In [None]:
# 同时添加如下代码, 这样每次环境(kernel)启动的时候只要运行下方代码即可: 
# Also add the following code, 
# so that every time the environment (kernel) starts, 
# just run the following code: 
import sys 
# sys.path.append('/home/aistudio/external-libraries') # 添加自定义依赖

## 1、 加载相关库文件，并打印一下paddle的环境

In [None]:
# 加载相关库
import os
import paddle
import paddle.vision.transforms as T
from paddle.nn import Layer
from paddle.vision.datasets import Cifar10
from paddle.nn import Conv2D, MaxPool2D, Linear
from paddle.static import InputSpec
import numpy as np
from visualdl import LogWriter # 用来可视化的库
import warnings
warnings.filterwarnings("ignore",category=DeprecationWarning)
# 1 打印环境
print(paddle.__version__) # 2.2.2

## 2、查看一下数据
* 了解训练数据的基本形状和大小
* 了解训练集和测试集的大小
* 计算训练集数据的均值和方差（不能使用测试集，因为测试环境往往是未知的）

In [None]:
# 2 查看一下数据

# 观察少量数据
import matplotlib
import matplotlib.pyplot as plt
%matplotlib inline
train_dataset = Cifar10(mode='train')
plt.figure()
idx = 0
for img, label in train_dataset: # 产看一个数据五个图像
    if idx==0:
        print(img)
        print(label)
    plt.subplot(1,5,idx+1)
    plt.imshow(img)
    idx += 1
    if idx==5:
        break
plt.show()
# img = paddle.transpose(img,perm=[1,2,0]) # [CHW]变换维度成[HWC]，因为这里没用transpose所以不用变换维度

# 观察整个数据集及数据分布
train_dataset = Cifar10(mode='train',transform=T.ToTensor()) # T.ToTensor是将图片变换通道为[CHW]，并将数据压缩到(0,1)范围
test_dataset = Cifar10(mode='test',transform=T.ToTensor())
print('一个训练数据:\n {}'.format(train_dataset[0])) # Tensor(shape=[3, 32, 32], dtype=float32, place=CPUPlace, stop_gradient=True, ...
print('训练集大小: {}'.format(len(train_dataset))) # 50k
print('一个测试数据:\n {}'.format(test_dataset[0])) # 一般测试数据是没有标签的
print('测试集大小: {}'.format(len(test_dataset))) # 10k

means = paddle.zeros([3])
stds = paddle.zeros([3])
for img, _ in train_dataset:
    for d in range(3):
        means[d] += img[d,:,:].numpy().mean()
        stds[d] += img[d,:,:].numpy().std()
means = means.numpy()/len(train_dataset)
stds = stds.numpy()/len(train_dataset)
print('均值: {}'.format(means)) # [0.491401   0.4821591  0.44653094]
print('标准差: {}'.format(stds)) # [0.20220289 0.1993163  0.20086345]


## 3、自定义数据集
* 定义继承自paddle.io.Dataset的数据类
* 初始化函数__init__里需要用mode区分训练/验证/测试
* 初始化函数__init__里需要定义数据增广方法
* 编写根据索引idx获取单个数据的逻辑(__getitem__)
* 编写获取数据集长度的函数(__len__)

In [None]:
# 3 自定义数据集(自己定义数据集) 与上面的构建dataset等价
class MyDateset(paddle.io.Dataset):
    def __init__(self, mode='train'):
        super(MyDateset, self).__init__()

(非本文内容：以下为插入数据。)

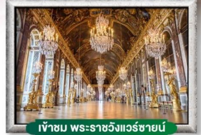
เข้าชม พระราชวังแวร์ซายน์

พิกัดกลางเมือง ใกล้เคียง Metro เดินทางสะดวก

        # 3.1 加载原始数据，并定义数据预处理transform
        stats = ((0.491401, 0.4821591, 0.44653094), (0.20220289, 0.1993163, 0.20086345)) # 这是上面统计到的训练集的均值和标准差
        if mode == 'train':
            self.data = Cifar10(mode='train')
            self.transform = T.Compose([
                T.RandomCrop(32, padding=4), # 随机裁剪
                T.RandomHorizontalFlip(), # 水平翻转
                T.ToTensor(), # 切换图像通道到(CHW)，并数据压缩到(0,1)范围，还有一些特性请查看文档
                T.Normalize(*stats) # 归一化，其他参数与特性查看文档
                # 可以加入其他数据预处理方法
                # （TensorFlow与Pytorch也有类似的数据预处理函数，每个框架不一样，需要查看文档说明）
            ])
        elif mode == 'valid' or mode == 'eval': # 验证集和测试集的数据预处理方法不应包括训练集用到的增广的方法
            self.data = Cifar10(mode='test')
            self.transform = T.Compose([
                T.ToTensor(),
                T.Normalize(*stats)
            ])
        else:
            raise Exception("mode can only be one of ['train', 'valid', 'eval']")
    
    def __getitem__(self, idx): # 按照索引获取一个数据
        image = self.data[idx][0]
        label = self.data[idx][1]
        image = self.transform(image) # 上面是定义数据预处理方法，这里用来处理每个数据
        return image,label

    def __len__(self): # 返回数据集长度
        return len(self.data)

## 4、封装成Dataloader并验证
* 验证自定义数据集
* 查看自定义数据集形状和大小（这里和原始数据查看不重复，每一步都需要验证是否有错误，才能避免多踩坑）
* 封装成Dataloader并查看数据

In [None]:
train_dataset = MyDateset(mode='train')
test_dataset = MyDateset(mode='eval')
print(train_dataset[0]) # ( Tensor(shape=[3, 32, 32], dtype=float32), array(6, dtype=int64) ) 
print(len(train_dataset)) # 50k
print(test_dataset[0]) # ( Tensor(shape=[3, 32, 32], dtype=float32), array(3, dtype=int64) )
print(len(test_dataset)) # 10k

train_loader = paddle.io.DataLoader(train_dataset, batch_size=32, shuffle=True)
test_loader = paddle.io.DataLoader(test_dataset, batch_size=32, shuffle=True)


# 核对一个batch数据
for img, label in train_loader(): # 取一个批次的数据
    print(img.numpy())
    print(label.numpy())
    break

## 5、搭建网络模型
* 初始化需要的组件(__init__)
* 编写数据流向，前向推理(forward)
* 核对网络模型和参数

In [None]:
# 5 搭建网络模型
class MyModel(Layer):
    def __init__(self,  num_classes=1):
        super(MyModel, self).__init__()
        self.conv1 = Conv2D(in_channels=3, out_channels=32, kernel_size=3, stride=1) # 30*30
        self.relu1 = paddle.nn.ReLU()
        self.max_pool1 = MaxPool2D(kernel_size=2, stride=2) # 15*15

        self.conv2 = Conv2D(in_channels=32, out_channels=64, kernel_size=3, stride=1) # 13*13
        self.relu2 = paddle.nn.ReLU()
        self.max_pool2 = MaxPool2D(kernel_size=2, stride=2) # 6*6

        self.conv3 = Conv2D(in_channels=64, out_channels=64, kernel_size=3, stride=1) # 4*4
        self.relu3 = paddle.nn.ReLU()

        self.linear1 = Linear(in_features=1024, out_features=64)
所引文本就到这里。